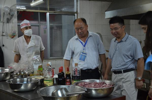 最后,他们巡查了学校食堂和加工间,肯定了学校一流的食堂设施、规范的员工操作、卫生干净的用餐环境。
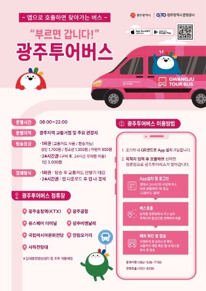 광주광역시(시장 강기정)는 오는 23일 ‘“부르면 갑니다” 광주투어버스’ 앱을 출시하고 수요응답형(DRT) 광주투어버스를 함께 운영한다.
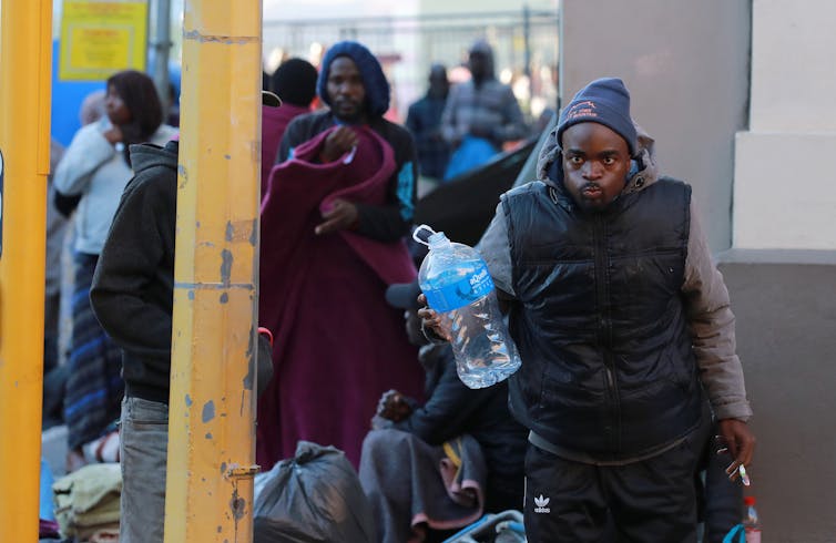 A group of refugees living on the pavement near the Cape Town Central Police Station on the first day of a national coronavirus lockdown, March 27, 2020 in Cape Town, South Africa.
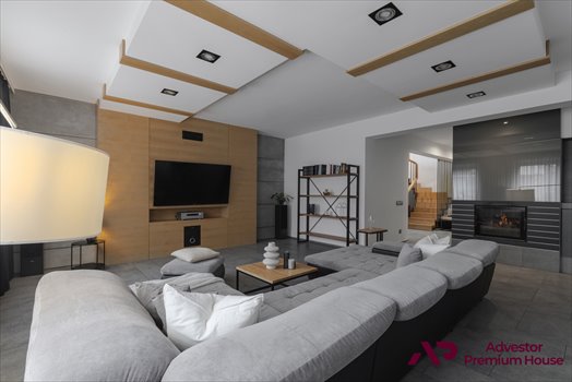 Całość uzupełniają rolety elektryczne, brama automatyczna oraz wiata na dwa auta i drewniany warsztat, który może pełnić funkcję garażu np. dla motocykli.
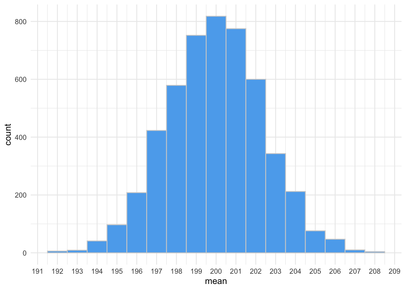 Imagine that the six bags of chips that we sampled somehow came from this distribution. Although most are around 200g, some are much higher or lower. Now, to take it one step further, let’s plot the distribution of sample means. That is, imagine we took a sample of six bags from the above distribution of chips over, and over, and over, and over…

——

What this task involves: Print every entry verbatim and leave all pictures out.

Response area:
 最后,他们巡查了学校食堂和加工间,肯定了学校一流的食堂设施、规范的员工操作、卫生干净的用餐环境。
 광주광역시(시장 강기정)는 오는 23일 ‘“부르면 갑니다” 광주투어버스’ 앱을 출시하고 수요응답형(DRT) 광주투어버스를 함께 운영한다.
 A group of refugees living on the pavement near the Cape Town Central Police Station on the first day of a national coronavirus lockdown, March 27, 2020 in Cape Town, South Africa.
 Całość uzupełniają rolety elektryczne, brama automatyczna oraz wiata na dwa auta i drewniany warsztat, który może pełnić funkcję garażu np. dla motocykli.
 Imagine that the six bags of chips that we sampled somehow came from this distribution. Although most are around 200g, some are much higher or lower. Now, to take it one step further, let’s plot the distribution of sample means. That is, imagine we took a sample of six bags from the above distribution of chips over, and over, and over, and over…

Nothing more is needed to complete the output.